Work instruction.
Find the line below with "La cuisine s’organise". Print it and every line after it exactly, through the last line, leaving out the pictures.

(Stored entries)
___
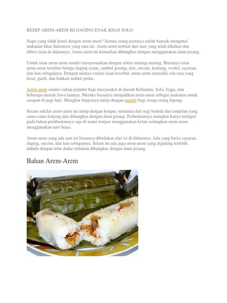 Resep Arem from imgv2-2-f.scribdassets.com The most common meat used in tinorangsak is pork. Siomai dibuat berbentuk silinder, dan di atasnya diberi hiasan seperti telur kepiting, parutan wortel, atau kacang polong. Resep masakan kreatif #pekanposbar #cookpadcommunity_cilegon #cookpadcommunity_banten Dalam resep masakan cina, siomai adalah daging babi cincang yang dibungkus kulit yang tipis dari tepung terigu. Ayam goreng literally means fried chicken in malay (including both indonesian and malaysian standards) and also in many indonesian regional languages (e.g. Walaupun demikian, siomai juga dibuat dari udang, daging kepiting, atau daging sapi. May 31, 2021 · delicious cornbread upside down casserole in 17 minutes. Tinorangsak or tinoransak is an indonesian hot and spicy meat dish that uses specific bumbu (spice mixture) found in manado cuisine of north sulawesi, indonesia.
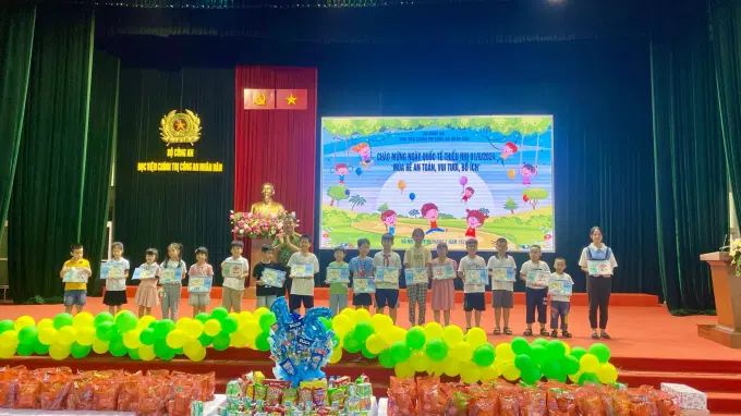 Hòa trong không khí của ngày Quốc tế Thiếu nhi, sáng ngày 30/5/2024, tại Học viện Chính trị CAND, Hội Phụ nữ Học viện đã tham mưu Đảng ủy, Giám đốc Học viện tổ chức chương trình Chào mừng ngày Quốc tế Thiếu nhi 01/6/2024 và “Mùa hè an toàn, vui tươi, bổ ích”. Dự và phát biểu động viên các cháu, đồng chí Thượng tá, TS Nguyễn Văn Tuấn, Ủy viên Ban Thường vụ Đảng ủy, Phó Giám đốc Học viện. Tham dự chương trình còn có đại diện lãnh đạo các đơn vị, các tổ chức quần chúng thuộc Học viện và toàn thể hội viên phụ nữ Học viện. Đặc biệt, buổi gặp mặt còn có sự tham gia của hơn 200 cháu thiếu niên nhi đồng là con cán bộ, chiến sĩ Học viện và các cháu thiếu nhi tiêu biểu của Trường Tiểu học Tiên Dược A, Trường Tiểu học Tiên Dược B và các cháu tại Trường nuôi dạy trẻ em khuyết tật huyện Sóc Sơn.
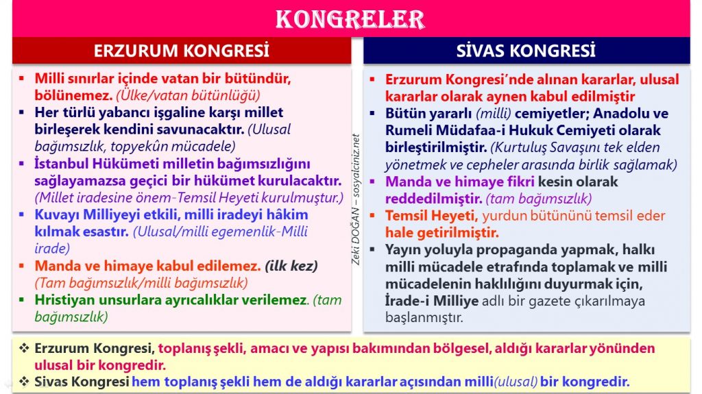 Sivas Kongresi hem toplanış şekli hem de aldığı kararlar açısından milli(ulusal) bir kongredir.
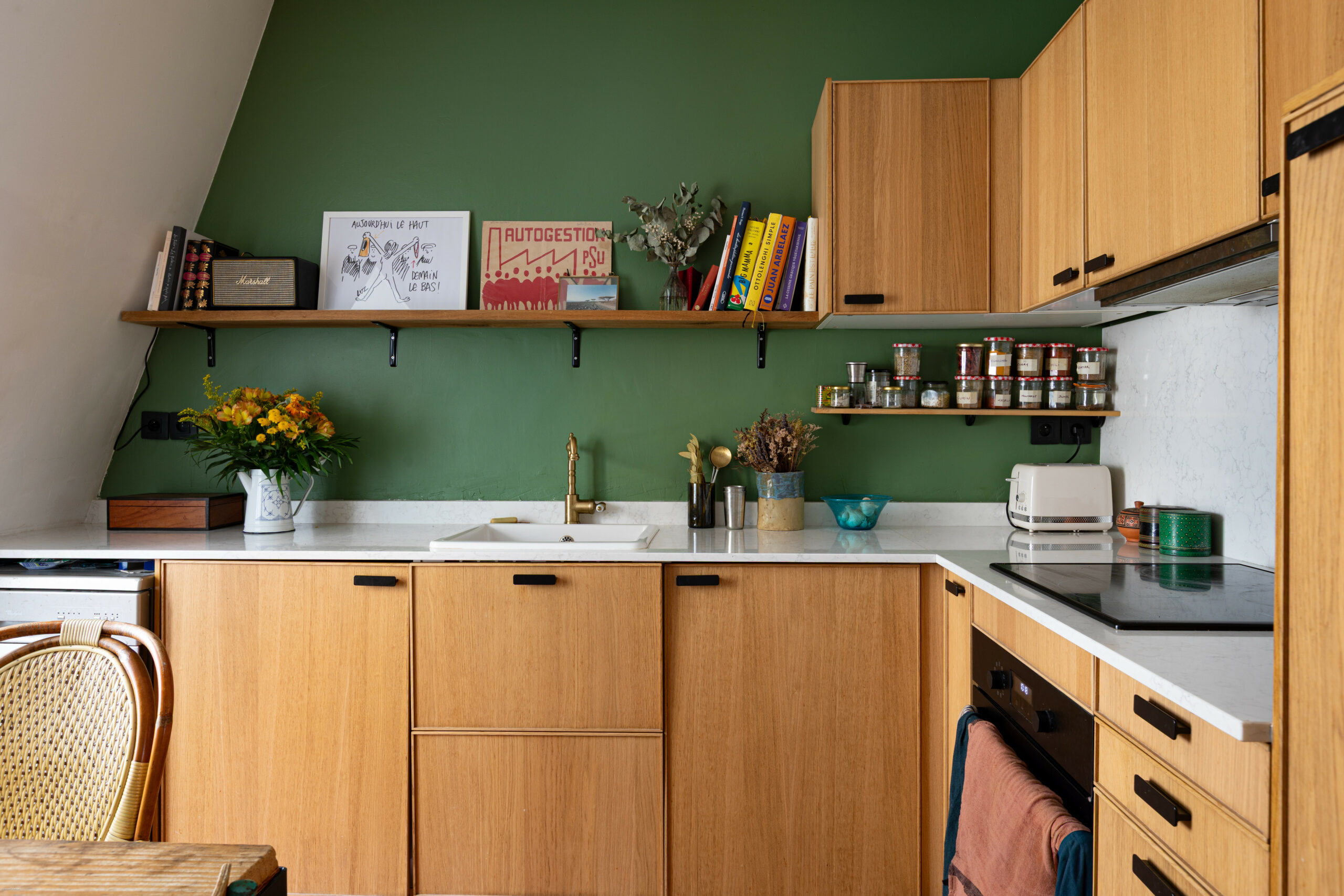 La cuisine s’organise autour d’un plan de travail blanc de qualité, qui capte et réfléchit la lumière naturelle. Il contraste avec le mur vert et les meubles en bois, tandis que les poignées noires viennent souligner l’ensemble avec discrétion.
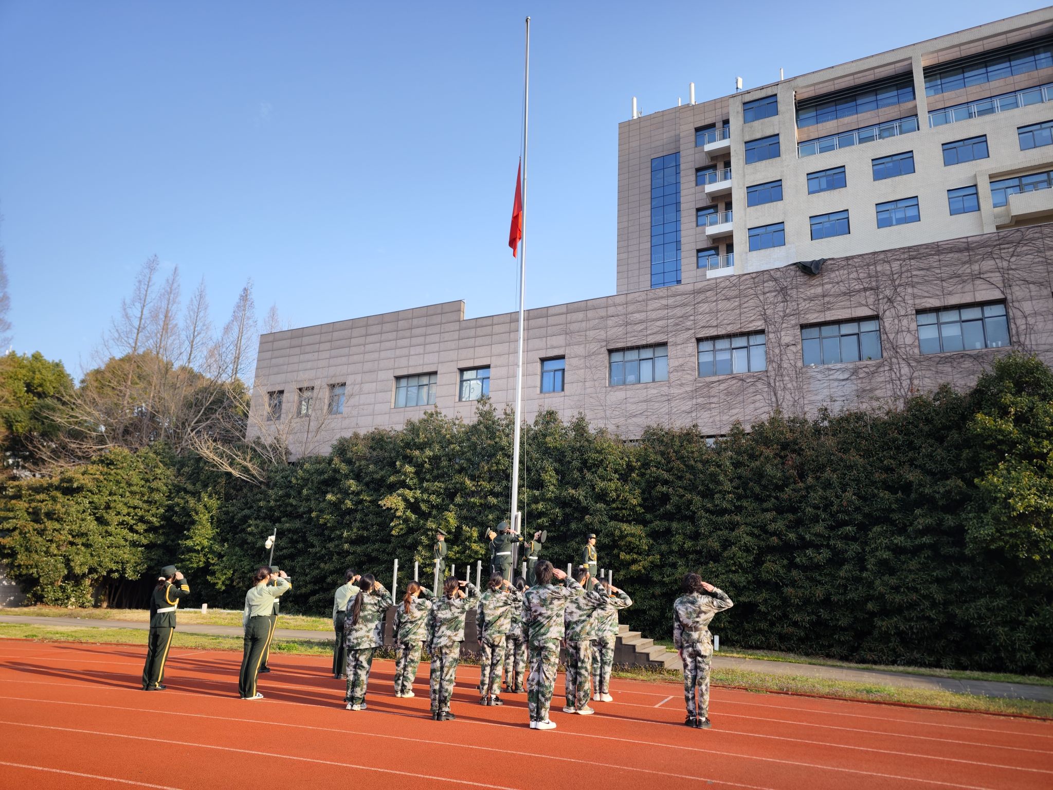 国旗护卫队迈着铿锵有力的步伐走向旗台,全场师生庄严肃立,伴随着雄壮的国歌,五星国旗冉冉升起,全体师生行注目礼,表达对祖国、国旗的尊重与热爱,传递着对祖国的深厚感情。
___
Response to this exercise.
 La cuisine s’organise autour d’un plan de travail blanc de qualité, qui capte et réfléchit la lumière naturelle. Il contraste avec le mur vert et les meubles en bois, tandis que les poignées noires viennent souligner l’ensemble avec discrétion.
 国旗护卫队迈着铿锵有力的步伐走向旗台,全场师生庄严肃立,伴随着雄壮的国歌,五星国旗冉冉升起,全体师生行注目礼,表达对祖国、国旗的尊重与热爱,传递着对祖国的深厚感情。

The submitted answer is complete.